The error-independent seems to be very good for classifiers 1 and 3. But what happened to the estimate for classifier 2? Let’s check.

# Looking at the error-independent evaluation results
["error independent",
     [float(d['a'])*100 for d in ae_eval_exact[sol]["accuracy"]],
     [float(d['b'])*100 for d in ae_eval_exact[sol]["accuracy"]]]

['error independent',
 [8.00451496620146, 13.40896693859222, 92.76370786462849],
 [84.8263773143796, 103.57683264602629, 49.64993540953866]]

So the error-independent solution thinks the 2nd classifier has a greater than 100% accuracy (103.6%) on label ‘b’!

The beauty of knowing you are wrong¶

It may sound strange but the failure above by the error-independent model is actually a ‘feature’ not a ‘bug’. It goes back to the type of numbers that are returned by ntqr.r2.MajorityVotingEvaluation and ntqr.r2.ErrorIndependentEvaluation. Majority voting will always return rational number estimates. But the error indendent solution may not. In the example we are looking at here, it returns irrational algebraic numbers.

# The algebraic solution from the error-independent evaluation
ae_eval_exact[0]["prevalence"]["a"]

# Majority voting never returns anything but rationals
mv_eval_exact[0]["prevalence"]["a"]

../_images/388a55e076cb43fd145e6fb625bf23d708ba475df88e1b4bb748437fa676e94a.png

Not only is Majority Voting always going to return rational estimates, it will also return estimates logically consistent with the observed responses from the classifiers. We can check this by looking to see if the Majority Voting estimates satisfy the single classifier axioms.

Majority voting always gives logically consistent estimates¶

# Let's import the single binary classifier axiom
from ntqr.r2.paxioms import single_binary_classifier_axiom, pa, pb, pia, pib, fai, fbi
single_binary_classifier_axiom

# Let's check that the axiom is identically zero with the Majority Voting solution
# for all three classifiers
sol = mv_eval_exact[0]
for classifier in range(3):
    vals = {pa: sol["prevalence"]["a"], pb: sol["prevalence"]["b"],
            pia: sol["accuracy"][classifier]["a"], pib: sol["accuracy"][classifier]["b"],
            fai: voting_counts.classifier_label_frequency(classifier,"a"),
            fbi: voting_counts.classifier_label_frequency(classifier,"b"),}
    pp("classifier {}: {}".format(classifier, single_binary_classifier_axiom.subs(vals)))

'classifier 0: 0'
'classifier 1: 0'
'classifier 2: 0'

# The second MV solution is when we assume the majority is always wrong
sol = mv_eval_exact[1]
for classifier in range(3):
    vals = {pa: sol["prevalence"]["a"], pb: sol["prevalence"]["b"],
            pia: sol["accuracy"][classifier]["a"], pib: sol["accuracy"][classifier]["b"],
            fai: voting_counts.classifier_label_frequency(classifier,"a"),
            fbi: voting_counts.classifier_label_frequency(classifier,"b"),}
    pp("classifier {}: {}".format(classifier, single_binary_classifier_axiom.subs(vals)))

'classifier 0: 0'
'classifier 1: 0'
'classifier 2: 0'

So there is nothing we can do to improve the majority voting solution in an unsupervised setting. It always returns rational estimates and they are always logically consistent with the observed disagreements and agreements between the classifiers.

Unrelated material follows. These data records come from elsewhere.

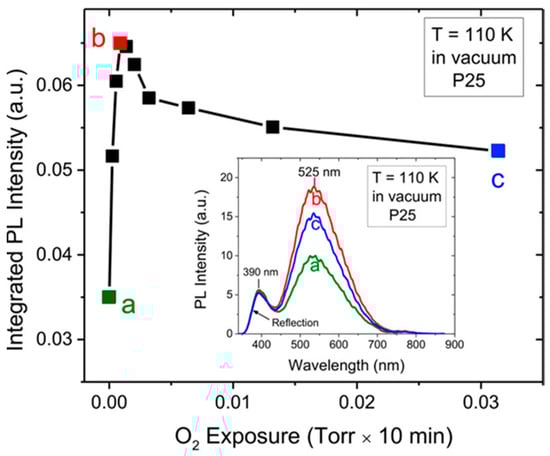 - The overall anatase PL (i.e., both their spectral contribution) are subject to intensity quenching when the surface is exposed to O2. However, the “green” contribution is more sensitive than the “red”.
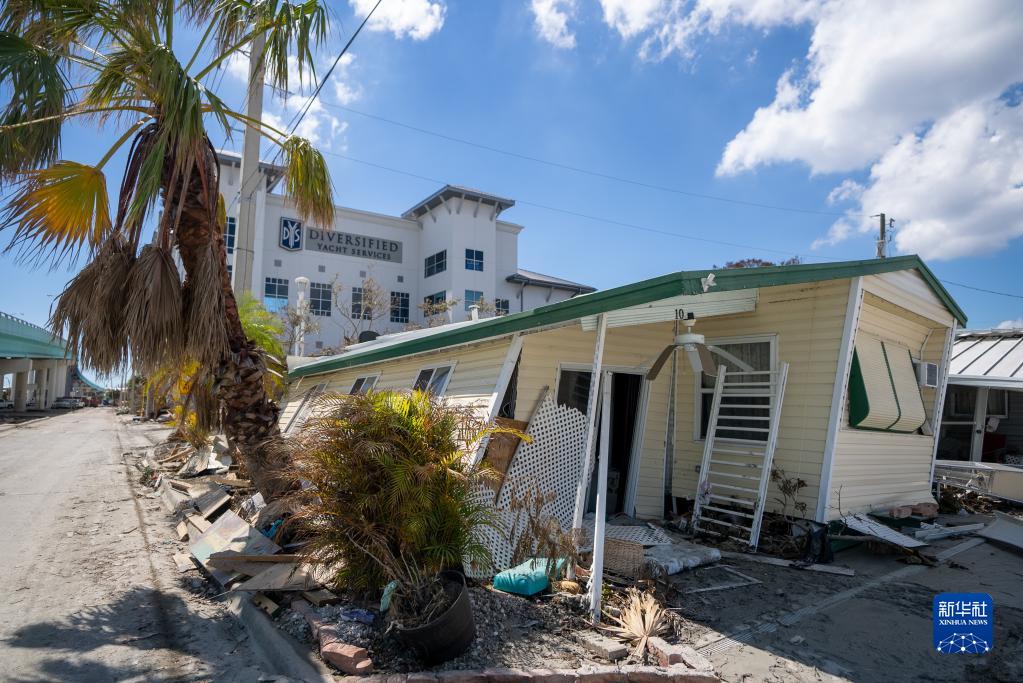 這是10月4日在美國佛羅里達州邁爾斯堡拍攝的遭颶風(fēng)“伊恩”破壞的建筑。 新華社發(fā)(羅蘭多·洛佩斯攝)
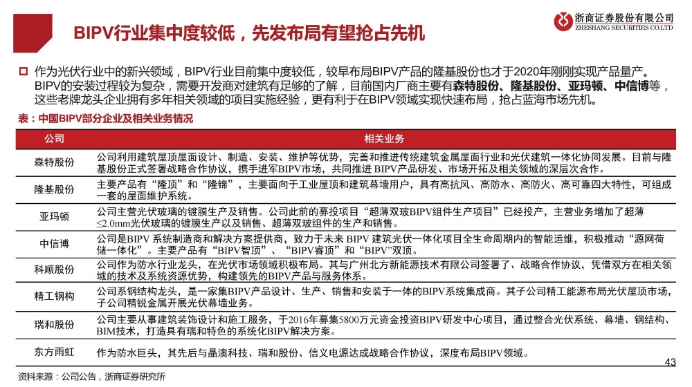 作为光伏行业中的新兴领域,BIPV行业目前集中度较低,较早布局BIPV产品的隆基股份也才于2020年刚刚实现产品量产。 BIPV的安装过程较为复杂,需要开发商对建筑有足够的了解,目前国内厂商主要有森特股份、隆基股份、亚玛顿、中信博等, 这些老牌龙头企业拥有多年相关领域的项目实施经验,更有利于在BIPV领域实现快速布局,抢占蓝海市场先机。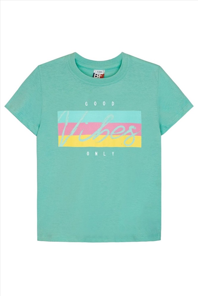 Футболка для девочки прямого силуэта с втачным коротким рукавом. Горловина круглая обработана воротником из рибаны. Горловина по полочке и спинке отстрочена нитками в цвет изделия. Низ изделия и рукавов обработан швом в подгибку. На полочке принт шелкография. Надпись переводится как "Только хорошее настроение".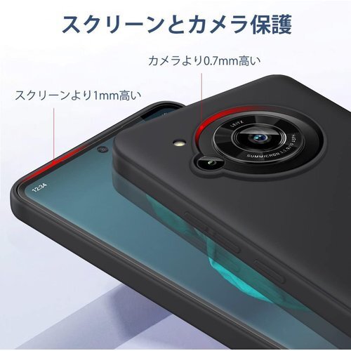 AQUOS R7 ケース シリコン SH-52C スマ 黒 耐衝撃 軽量 スリム ストラップホール付き ブラック 496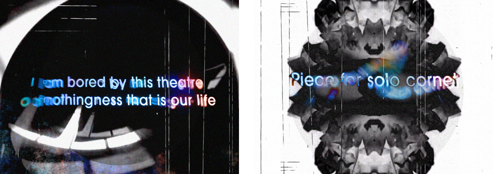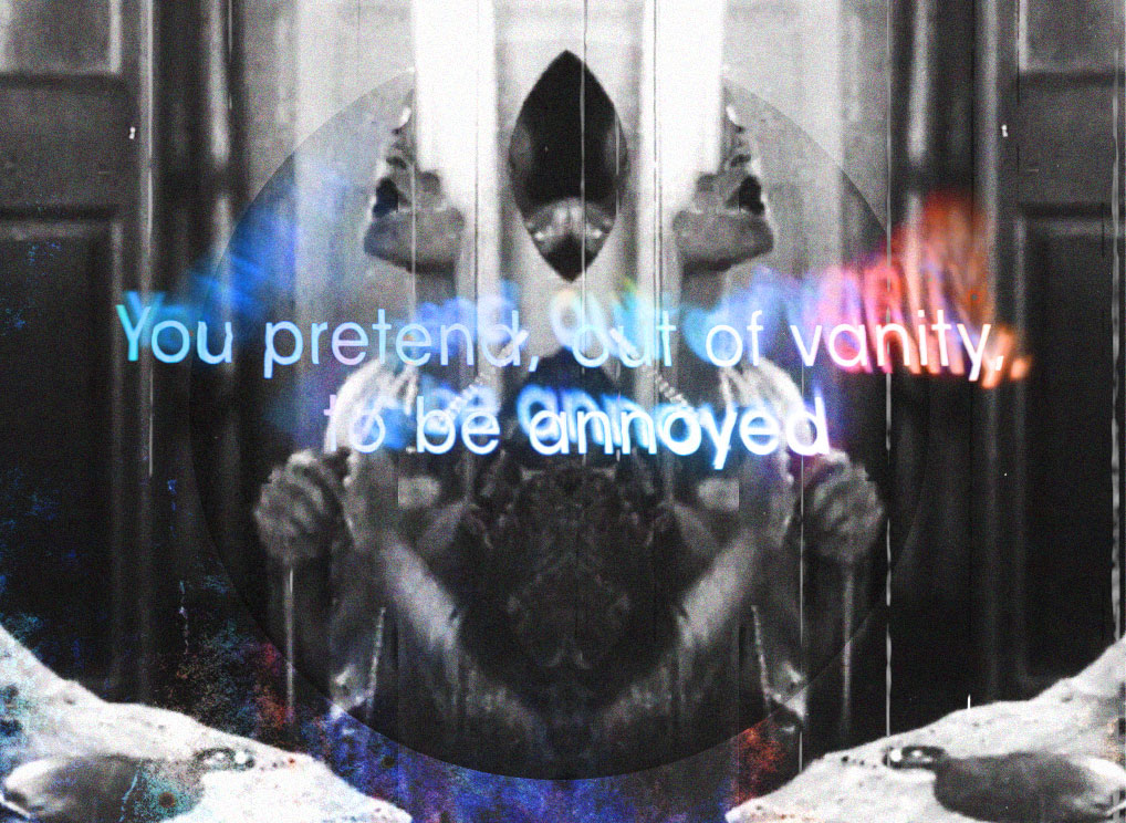 Inspiration for the supporting animation came from the experimental film work of René Clair, Jean Couteau and Man Ray. Splicing these sources together with found footage of Parisian life in a kaleidescopic treatment serves as a background for the recital song translations. These translation have been created digitally and then back projected on a screen and re-filmed through heavily warped perspex. This process produces a distortion that I hope captures the ephemeral excesses and later nilishm of the avante-garde during the interwar years.
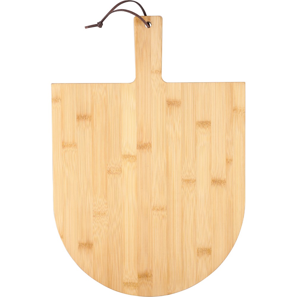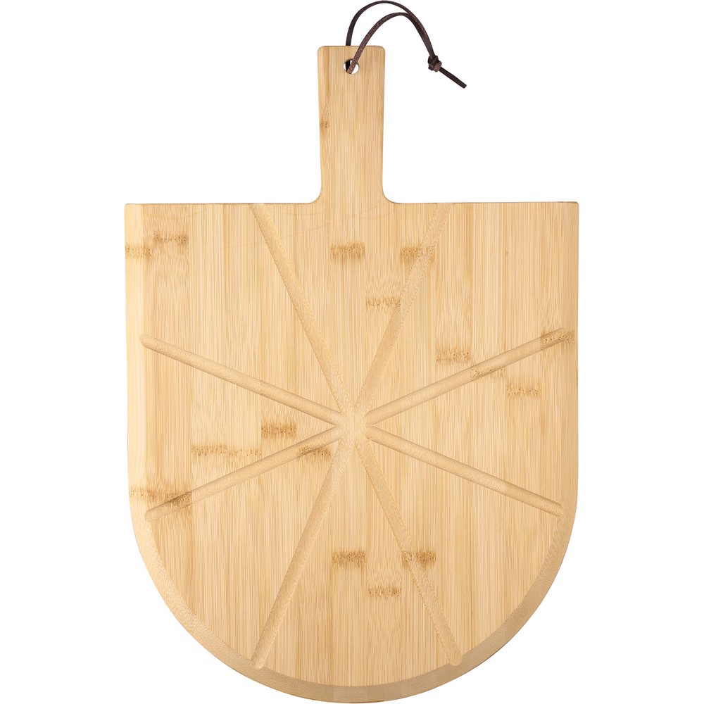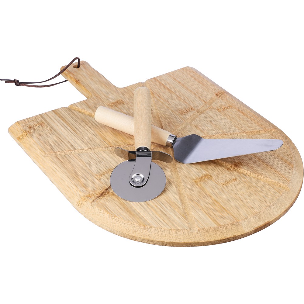 Zestaw do serwowania pizzy, deska do krojenia pizzy ze sznurkową zawieszką i wcięciami ułatwiającymi serwowanie, nóż do pizzy i łopatka w komplecie, zapakowany w brązowe kartonowe pudełko produkt wykonany z bambusa i metalu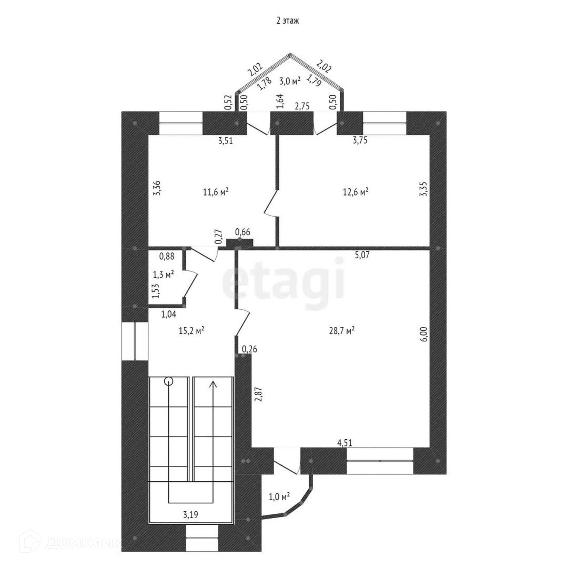 3й этаж: 3 спальни и санузел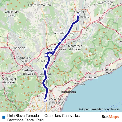 The first stop of the Linia Blava Tornada bus route is Granollers-Canovelles and the last stop is Fabra i Puig. Linia Blava Tornada (Granollers Canovelles - Barcelona Fabra i Puig) is operational during everyday.

The estimates returned by ntqr.r2.ErrorIndependentEvaluation are not like that. They actually signal that its estimates cannot possibly be right as evidenced by those pesky unresolved square root factors in the estimates. Let’s check whether the error-independent estimates obey the single binary classifier axiom.

Does ntqr.ErrorIndependentEvaluation yield logically inconsistent estimates?¶

# The strength of the ErrorIndependent evaluation is that it can detect
# its assumption - the classifiers are error-independent in the test -
# is violated. We can see this in the unresolved square root
# But does the error-independent solution obey the single binary
# classifier axiom?
sol = ae_eval_exact[1]
for classifier in range(3):
    vals = {pa: sol["prevalence"]["a"], pb: sol["prevalence"]["b"],
            pia: sol["accuracy"][classifier]["a"], pib: sol["accuracy"][classifier]["b"],
            fai: voting_counts.classifier_label_frequency(classifier,"a"),
            fbi: voting_counts.classifier_label_frequency(classifier,"b"),}
    simpfl_axiom_val = sympy.simplify(single_binary_classifier_axiom.subs(vals))
    pp("classifier {}: {}".format(classifier, simpfl_axiom_val))
    pp("classifier {}: {}".format(classifier, float(single_binary_classifier_axiom.subs(vals))))

'classifier 0: 0'
'classifier 0: 1.8465957235571472e-127'
'classifier 1: 0'
'classifier 1: 3.6931914471142943e-127'
'classifier 2: 0'
'classifier 2: 1.4772765788457177e-126'

So the irrational estimates returned by the error-independent solution obey the single binary classifier axiom. Nonetheless, we know it must be wrong since any finite test can only have rational numbers as correct estimates. So let’s find the nearest rational evaluation given the observed data sketch.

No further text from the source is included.